6 of 931 comments (clear)

  1. Re:Easy solutions by AchiIIe · · Score: 5, Interesting

    Also here's the original posting
    > http://www.guildwarsguru.com/forum/showthread.php?t=10351058
    The original poster says this is High School.

    --
    Nature journal lied in Britannica vs Wikipedia Ask to retrac
  2. IANAL, but... by DaHat · · Score: 5, Interesting

    ... back in my undergrad days I had an issue with a professor who tried to pull his own stunts, even trying to call me out (while claiming to not know who he was calling out) publically in class. After a conversation with couple of lawyers and a few folks at the university after making a complaint of harassment (me being a white male who at the time was in his early 20's) and which at one point resulting in the university president calling me on my cell personally, it was decided that given the professors work was a paid for by the university, they had effectively no rights to it... so my copious note taking, and eventual whole scale recording of classes what perfectly legitimate and up to the university... and not the individual professor who was being paid to perform for the classes behalf.

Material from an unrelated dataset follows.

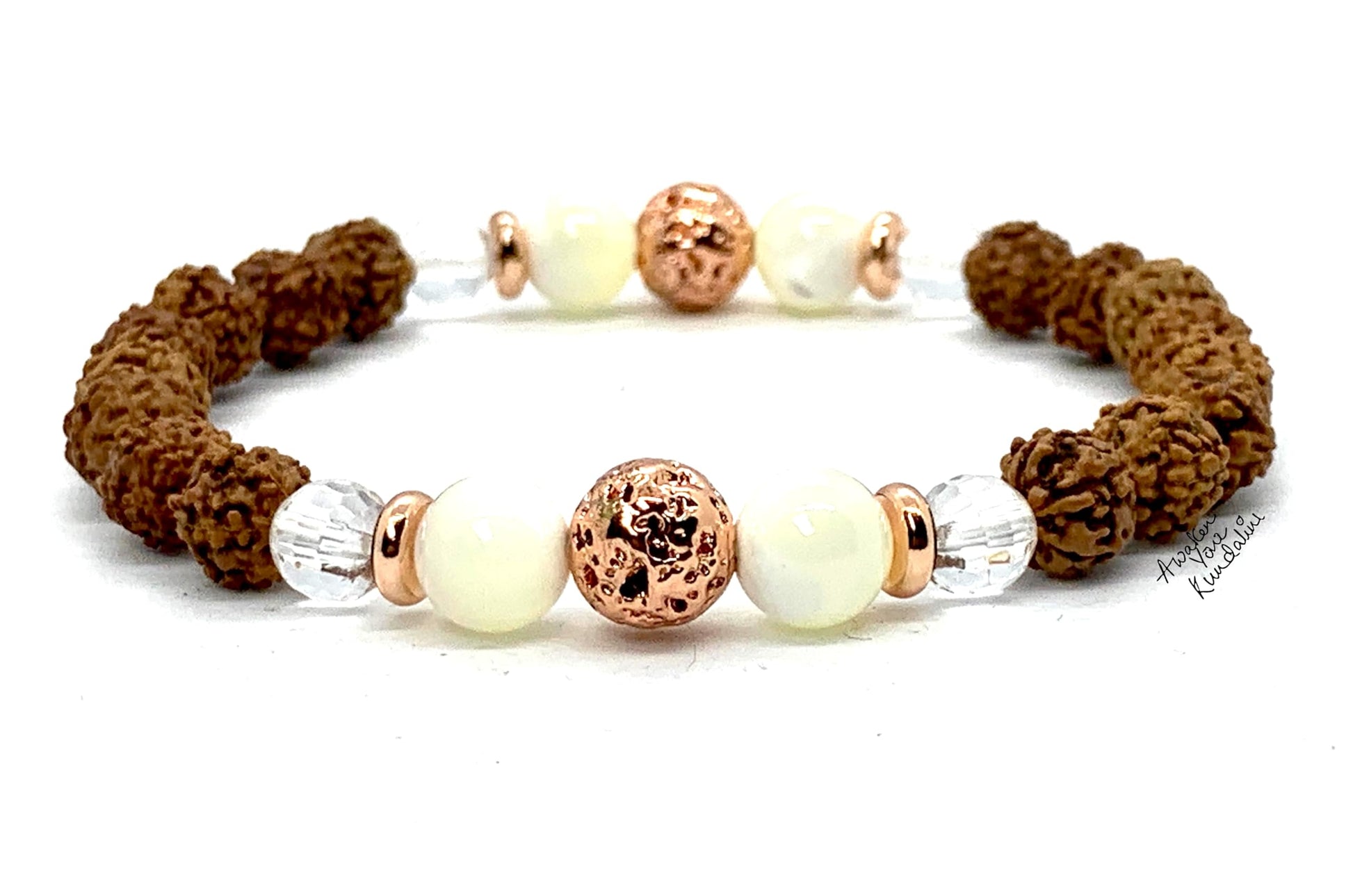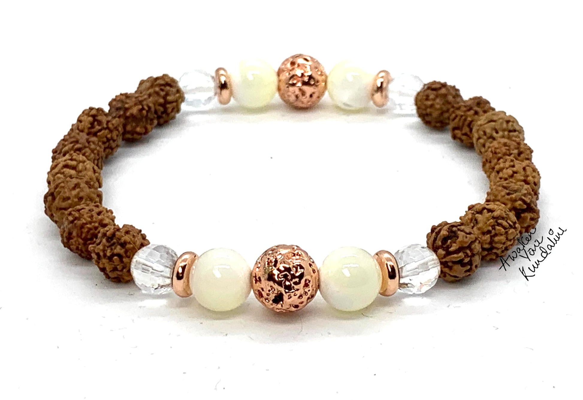 - #5MukhiRudraksha #StretchBracelet #CrystalQuartzJewelry #MotherOfPearlBracelet #LavaRockBeads #AprilBirthstone #AriesJewelry #TaurusJewelry #ChakraBracelet #SpiritualJewelry #SpritualSignificance #MentalClarity #EleganceAndSophistication #Vitality #Strength #StressRelief #HarmonyAndBalance

    As sad as I am to say it... a tape recorder, obvious or not (ideally obvious be it in public or private) can be your best friend... though in my case I also had a laptop recording everything as well.

    Let me give you the advice I was given when I was dealing with an overzealous professor who thought they were god in the classroom and eventually was threatening to sue me and the school... talk to a lawyer.

    Remember though... I am not a lawyer, I've just talked to a few over this issue and think you should to.

  3. Re:Notes? by Z00L00K · · Score: 4, Interesting

    Ask a lawyer, it could prove interesting. If the lawyer smells a chance of winning a case it may be even more interesting.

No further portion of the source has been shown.